There might be some correlations between these groups, but lumping them together seems to me to lead fruitless stereotyping, precisely what the author is trying to decry. I suspect it's both easier and more accurate to look at those categories/problems separately (while acknowledging that they might overlap somewhat). My thoughts:
#1 is not a big deal in and of itself, unless it leads to pushing out younger fans. Unfortunately, it often does. The "graying of fandom" has been an ongoing issue during the entire nearly-three-decades I've been in fandom.
#2 seems to be decreasing with time, and is heavily con-dependent in any case. At larger cons like WorldCon, I've always been able to find plenty of panels and discussion venues for comics, TV, fanfic, etc.
#3 is bad, but I'm not sure it's particularly related to age/generation or to media snobbery. I've been doing a lot of thinking about the topic this year, especially about sexism and sexual harassment, but I don't have any firm conclusions (yet).

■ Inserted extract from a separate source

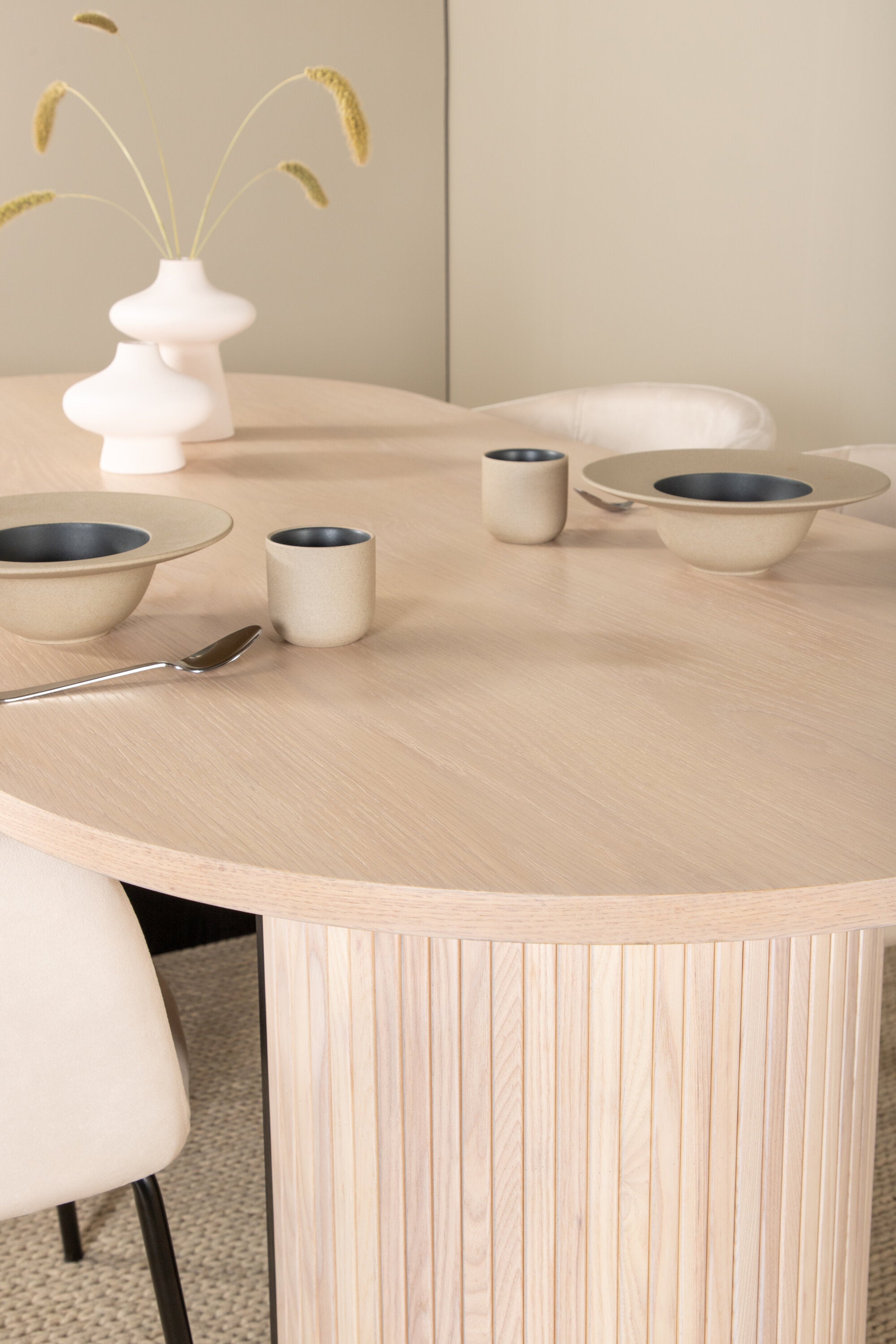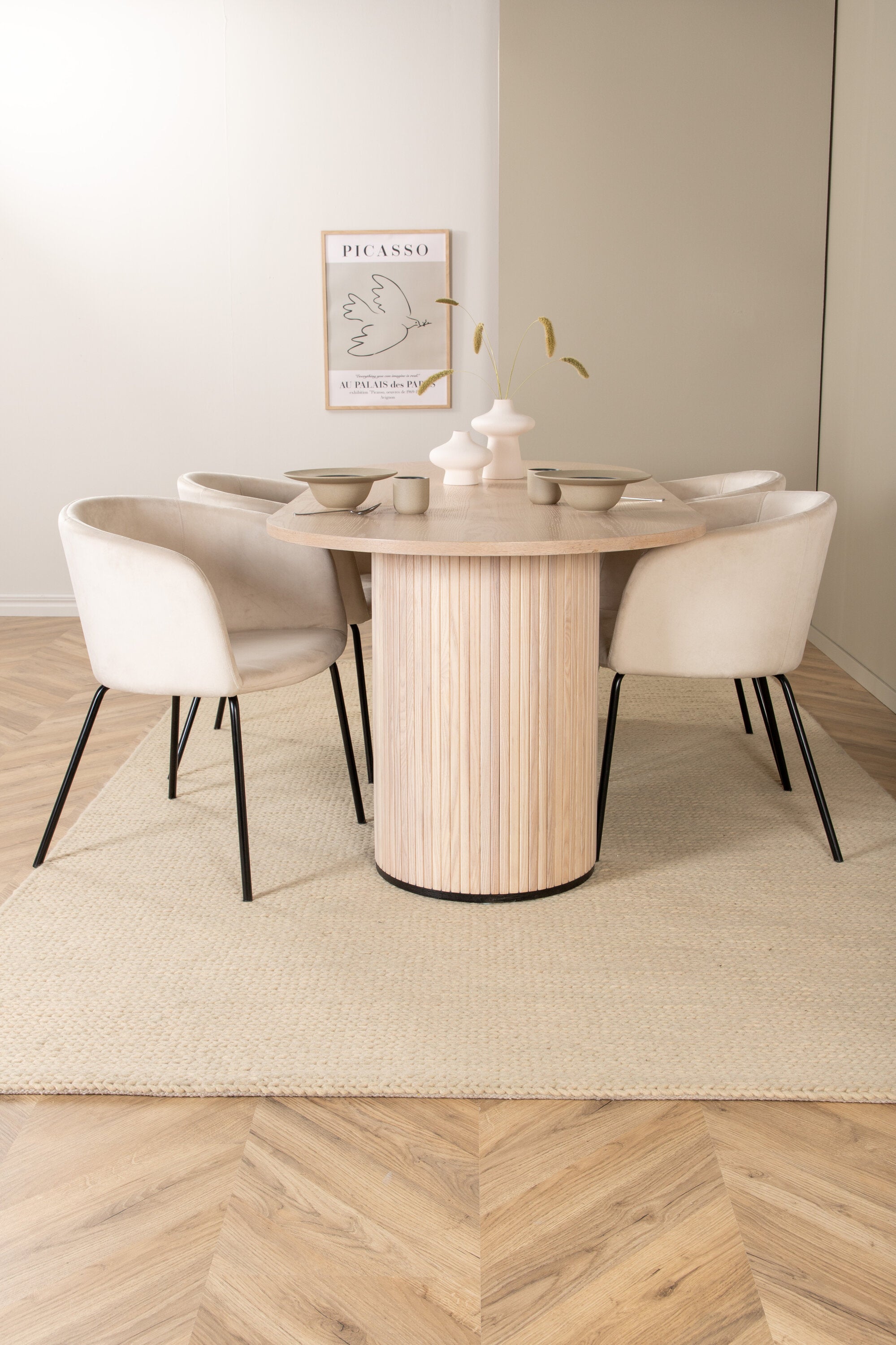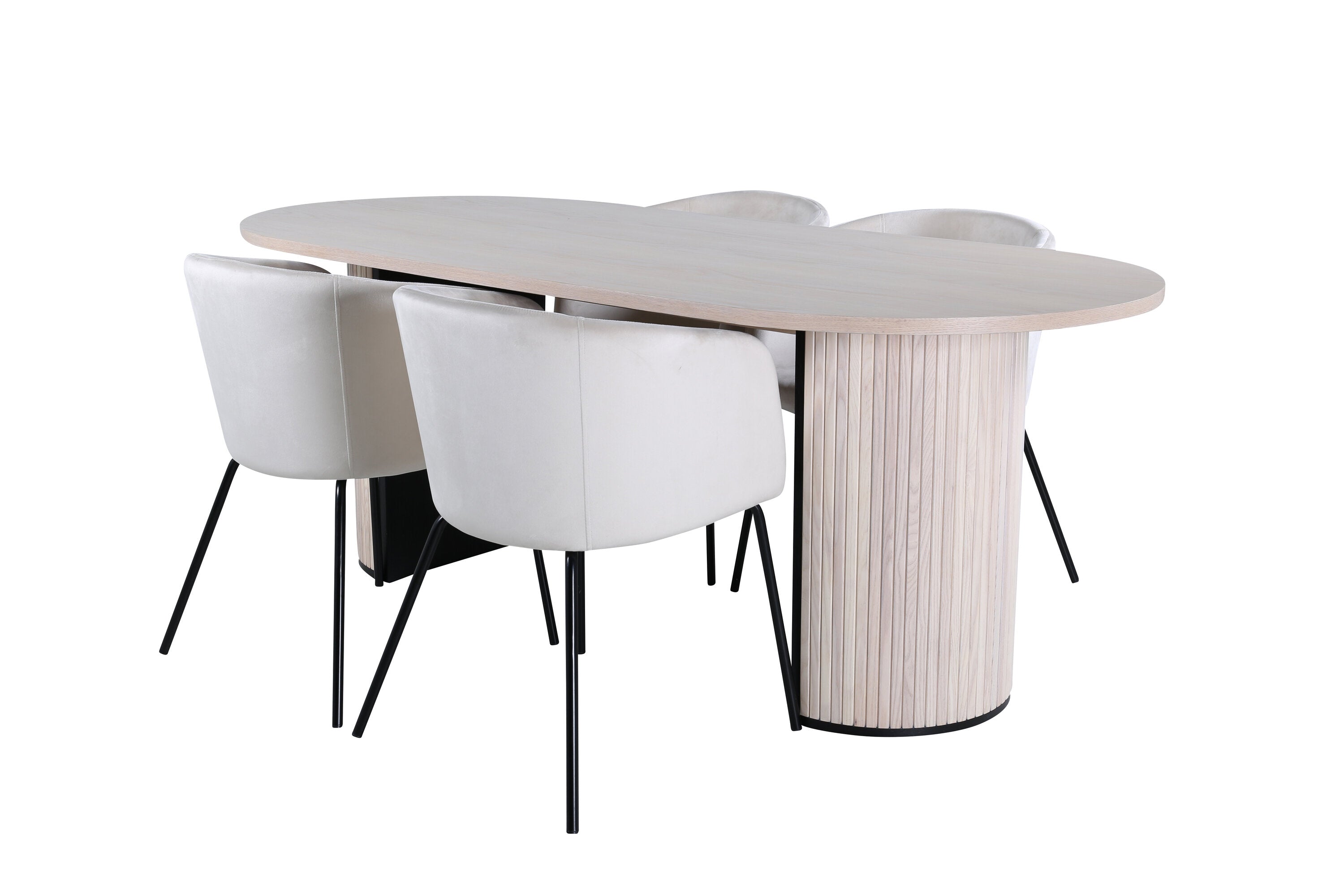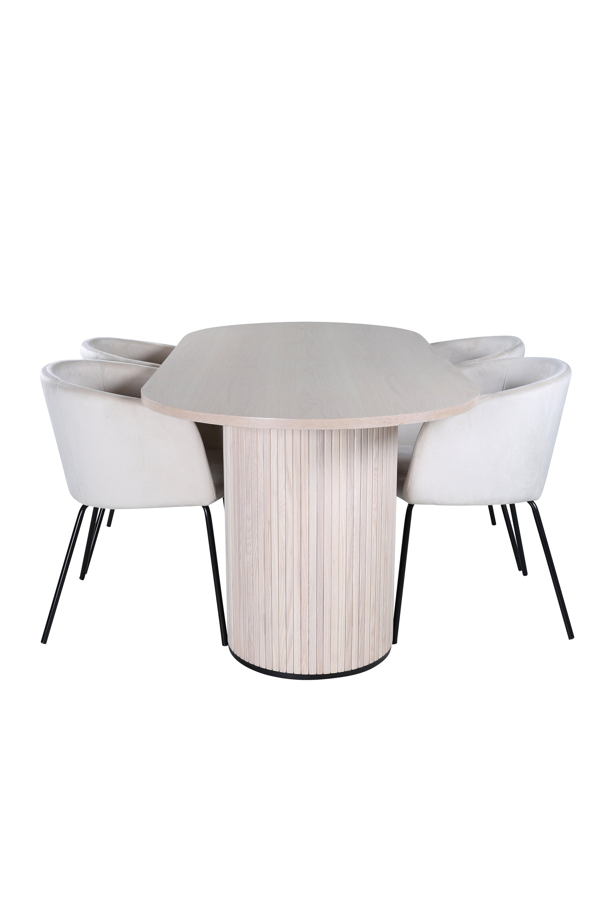 Bianca vytváří stylový poutač, který zaujme! Tento oválný jídelní stůl v omítnuté bílé barvě má ​​moderní design se stolní deskou z kostěné bílé MDF s dýhou a robustním rámem ze dřeva a MDF v žebrovaném provedení, který působí stabilním dojmem. Rozměry stolu: Délka: 200 cm, Šířka: 90 cm, Výška: 75 cm. V kombinaci se 4 našimi stylovými jídelními židlemi Berit v příjemném designu. Židle se zaměřují na pohodlí s měkkým sedákem z béžové sametové látky a stylovými úzkými nohami židle z černého železa. Rozměry židle: výška: 78 cm, výška sedáku: 49 cm, šířka: 55 cm, hloubka: 55 cm

Clearly there is a problem, but I'm not at all clear how widespread the different forms are. For example, the instances of female panelists getting shouted down by male audience members" mentioned in the article is indeed awful, but I don't recall witnessing such a thing personally during my past several years attending panels (most recently at DetCon). Granted, being male, it's possible it might've happened and I didn't notice, but I tend to pretty sensitive to rude audience members in general (they irk me-- I came to hear the panelists and for civil discussion), so I think I would've. The "Fake Geek Girl test" is still a problem, but I think much less so than it used to be. Online harassment, however, seems to me to be quite a serious issue.
I'm also not clear what the best ways to counter each of these forms of sexism and harassment are. I tend towards the "cultural change through individual action" side (e.g. don't stand idly by, call out someone when they say a bigoted statement, make clear that it's not OK) more than the "written rules will fix the problem" side, but, wow, it's all a very complicated ball of wax.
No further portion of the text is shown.